The most sophisticated way of establishing rank order so far devised by humans is by means of wealth, in all its manifestations. To be sure, there are many other activities endeavoured by mankind such as warfare, politics, organised religion, bureaucracy, sport, artistic fame, entertainment, and even who wears the trousers in marriage but the quest for wealth has the most potential for either widespread prosperity or disaster. Humans have even dedicated an entire discipline to the study of the origin and interaction of wealth and abundance with their opposites, poverty and scarcity: the Science of Economics.
Economics, therefore, is best studied by watching what happens to wealth. And the economic discipline best suited to watch wealth, in Capitalism, is that where wealth is primarily created and consumed on a daily basis: Real Estate. This is so, because real estate location and selection - particularly when it comes to residential units - are the main social markers of status. Real Estate is more important, far more important for establishing rank within society than the other competing field where wealth is created and consumed: the Stock Market. One can own the largest single package of IBM's shares, and still the impact on his peers will not be as dramatic as the one of living ostentatiously in a multi-million dollar mansion.
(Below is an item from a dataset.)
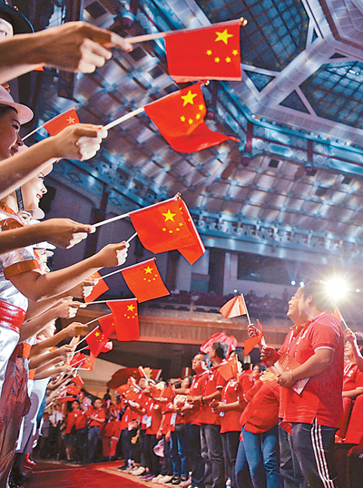 9月7日,來自廣州、澳門和香港的大灣區(qū)職工代表揮舞國旗,以文藝匯演的方式迎接國慶。當(dāng)日下午,由廣東省總工會、香港工會聯(lián)合會、澳門工會聯(lián)合總會聯(lián)合主辦的大灣區(qū)職工慶祝中華人民共和國成立70周年暨澳門特別行政區(qū)成立20周年文藝匯演在廣州中山紀(jì)念堂舉行。

Moreover it can be added that although establishing rank order by means of wealth manifestations is common to all societies everywhere on the planet, in North America specifically this peculiarity unique to the human progeny has taken a somewhat overzealous connotation, by combining the twin concepts of the saga of the self-made man or woman and the fantasy of home ownership. America's love affair with houses is the principal indicator of our cultural idolatries.
This concept is indeed fully and clearly conceptualized by Prof. Marjorie Garber, the Director of the Humanities Center at Harvard University, in her book entitled Sex and Real Estate: Why We Love Houses. From the opening paragraph her thesis is clear: real estate has become a relational substitute in the lives of many Americans. She begins, "What do college students talk about with their roommates? Sex. Twenty years later, what do they talk about with their friends and associates? Real estate. And with the same gleam in the eyes. Real estate today has become a form of yuppie pornography".
The connection between sex and real estate, two fields otherwise light-years apart, is made to the extent that they both serve and satisfy status rank to its best fulfillment through wealth. This is indicated and summarized by a somewhat blunt quotation of Aristotle Onassis, the Greek shipping magnate who married two of the most famous women in the modern world - Maria Callas, the opera diva, and Jacqueline Kennedy, the widow of US President John F. Kennedy - who died in 1975, when he said "There is no point in being rich unless you can have sex with beautiful women." So when we are talking about the male urge for status rank, or the female urge for a dependable partner who will give her financial security and good progeny, we are really talking about two facets of the same concept: wealth. On the other hand, as humans tend to equate values, when it comes to housing and real estate, the equation is:
achievement + independence + comfort + prosperity + accomplishment + success = wealth
There is so much money around, and buyers want to flaunt it. They will swear and they will protest and say they do not want to show off, but they do. They want a house that makes a clear, undeniable statement that ‘I am rich', ‘I have prosperity' and ‘I have style'. Architectural styles of new constructions are changing and evolving, with the ever increasing round looks of exteriors that reflect feminine sensuality and the use of glazed windows and conspicuous steel beams - male machismo at its best. On the inside, the skillful blend of colors, woods and design elements promotes feminine harmony, warmth and balance with char green, sand, white, red, black, dark brown and all colors of nature at the top of the line whereas, if contemplating a hardwood floor, mahogany is the wood of choice since it enriches the environment by rendering a sense of abundance, and slate flooring and polished concrete walls help create a natural masculine feeling, especially if combined and contrasted with the glacial looks of stainless steel appliances.
The link between sex and real estate is the catalyst to emotional engagement, as important in our social interactions of status and rank as it is in our manifestations of wealth.